Leverage Office 365 Admin Roles
Probably the least utilized business function of Office 365 is admin roles. You no longer have to give global administrative access for all e-mail and documents to IT. Here’s some insight to mitigate risk, while giving accountability for more agile business operations:
Global Administrator – This role should be assigned to the owner and not IT. After initial setup, Global Administrator access is not necessary for general day-to-day functions. Have a generic admin account as a backup. Any kind of admin role also has the added benefit of entering an alternate e-mail address for self-service password reset. In unusual or emergency situations, you should definitely have an Office 365 Partner of Record for expert support as needed. Finally, you can also enlist the help of Microsoft Office 365 Phone Support at (800) 865-9408.
User Management Administrator – Support staff should be granted this role to add and delete users, reset passwords, and assign licenses. There is no ability to affect Global Administrator accounts. Most importantly, this role provides no administrative access to any kind of data.
Password Administrator – Department heads or supervisors appreciate having this role to quickly get staff working if IT is not readily available to reset a password. Again, these critical personnel also benefit from being able to reset their own accounts as necessary.

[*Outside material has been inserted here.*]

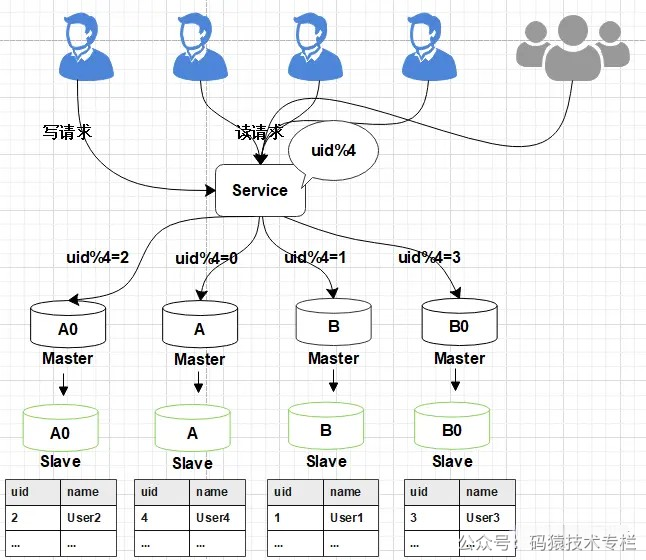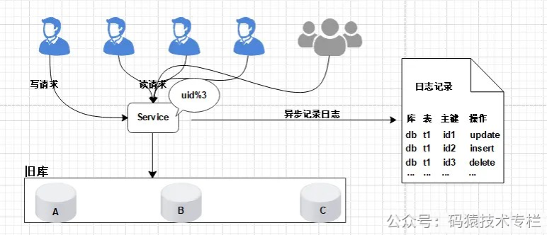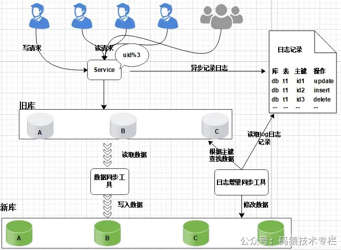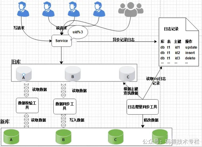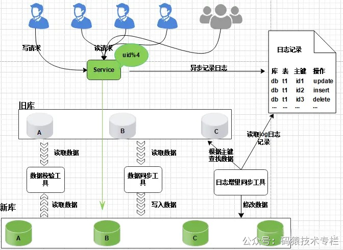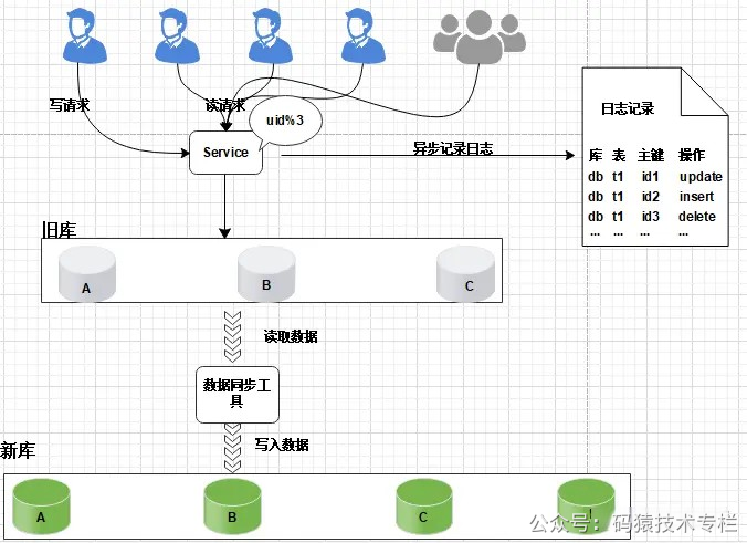 支持读写分离:数据库支持读写分离,在扩容之前,每个数据库都提供了读写功能,数据重新分配的过程中,将每个数据库设置为只读状态,关闭写的功能升级公告:为了进行数据的重新拆分,在停写之前,我们需要提前通知用户,比如:我们的服务会在yyyy-MM-dd进行升级,给您带来的不便敬请谅解。关注公众号:码猿技术专栏,回复关键词:1111 获取阿里内部Java性能优化手册!中断写操作,隔离写数据源(或拦截返回统一提示):在Service层对所有的写请求进行拦截,统一返回提示信息,如:服务正在升级中,只对外提供读服务数据同步处理:将旧库中的数据按照Service层的算法,将数据重新分配,迁移(复制数据)数据校验:开发定制一个程序对旧库中的数据进行备份,使用备份的数据和重新分配后的数据进行校验,比对更改配置:通过配置中心,修改Service层的配置算法,也就是将原来的uid%3变为uid%4,这个过程不需要重启服务恢复写操作:设置数据库恢复读写功能,去除Service层的拦截提示数据清理:使用delete语句对冗余数据进行删除回滚预案:针对上述的每个步骤都要有数据回滚预案,一旦某个环节(如:数据迁移等)执行失败,立刻进行回滚,重新再来

Billing Administrator – Granting this role to someone in Accounting, allows notice of subscription renewal and billing for management purposes as IT generally has little or no budget authority.
The whole reason for moving to cloud computing is security and productivity. Owners and shareholders should retain in control of data. Key players should have enough autonomy and accountability to keep staff working and IT should simply provide service to move the organization forward.